I stopped, panting for breath, my back against his cubicle wall. He sat and looked at me apparently trying to decide what to do with me and not finding much of an answer. He finally stood up. I didn’t see him walk toward m; he simply crossed the distance in between one instant and the next.

“What are you going to do?” I whispered. He cocked his head a little to the side, and at this distance I could see the gradations in his eyes, the flecks of crimson mixing with chocolate brown like sparks flying up a dark chimney. His expression was distant.

“Kill you, I guess,” he said slowly, as if he were a little surprised I didn’t know. “Messy, but I see you can’t be reasoned with. Damn you, Michael, why did this have to happen? I like you, you know. I really do.”

“Maybe we can work something out. Look, you said yourself, kill m and all hell breaks loose—” I was babbling. I didn’t know what else to do.

“Long walk through the park, Michael.” Adam observed with chilling calm. “Lots of things could happen on the way home. It wouldn’t be any-body’s fault at all, just one of those stupid things. A mugging. Some drugged-out freak who just decides to kill you for fun. And it’s neater than the alternatives.”

“I don’t want to die,” I said, quite reasonably. Adam smiled slightly, still watching m with a kind of remote interest.

“No, none of us do.” He nodded “Now get up.”

“No.”

“Get up, Michael.” There was a shade more menace in his voice, and to my horror I felt myself obey him. “You won’t remember any of this in a moment. You’ll just go home, and on your way—”

“No!” I screamed, and grabbed up the chair next to me. I swung it at him. Adam caught it in one hand; as he did, the sparks in his eyes caught hold and flamed.
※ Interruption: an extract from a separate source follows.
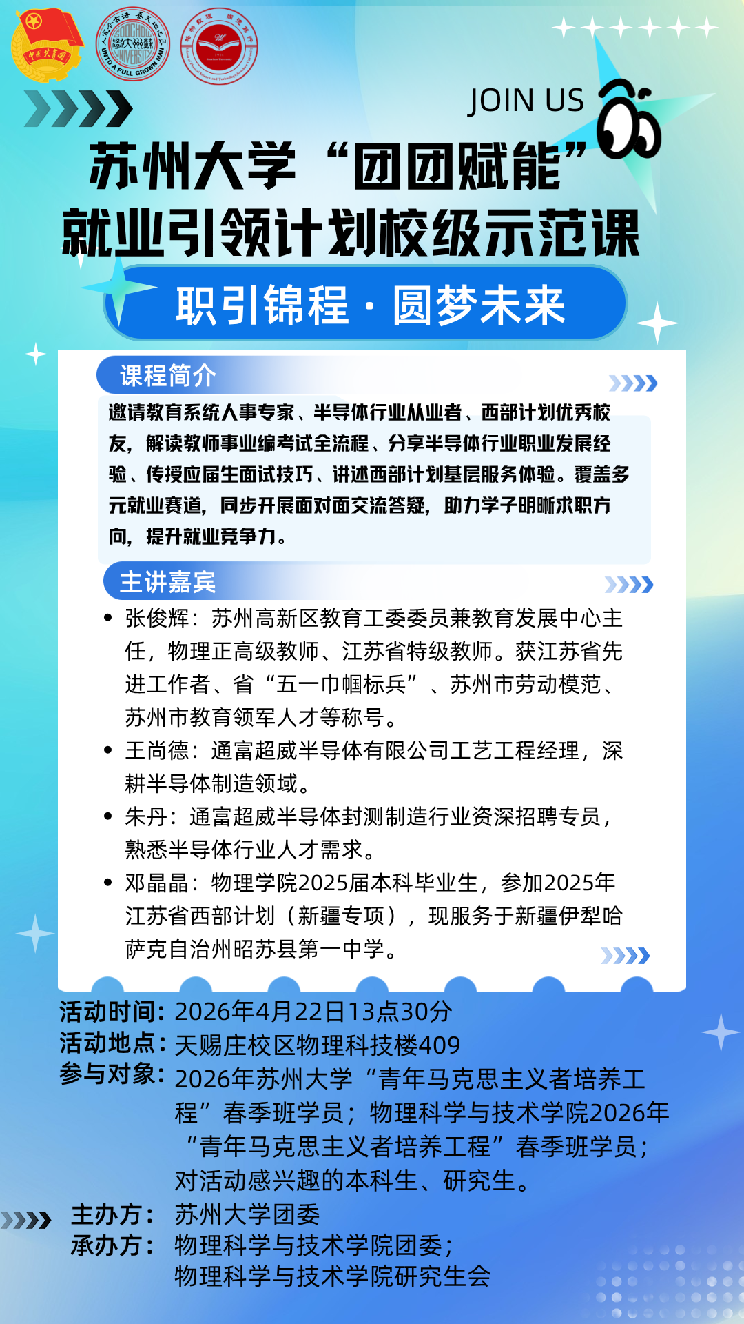 苏州大学“团团赋能”就业引领计划校级示范课:职引锦程·圆梦未来

Bright crimson.

Adam bared his teeth in a snarl. I saw his canines come down from their retractive position; even, extended, they weren’t much longer than a normal human’s. Just sharper. I felt terror rob me of whatever strength I had left, and then his hands were around my neck.

I clawed at them as he started to press, but it was like trying to remove riveted steel. He never bent his head to touch me with those teeth, but I could feel the hunger shooting through him, hot as lust and mixed with his anger in a deadly combination.

But, in the next instant, Adam mastered himself and let me drop. He turned his back on me. I could see his fists clench as he struggled to force his rage back.

“I’m not going to let you kill me, Adam.” I whispered through a suddenly sore throat. “I’ll fight you.”

“Yes, I know.” he answered me, and turned to look at me again. He booked normal again, and a little sad. “Listen to me. You’re going to forget, now. You’re going to go home, and forget what has happened here. You looked at the bodies and you felt faint. you feel faint now.”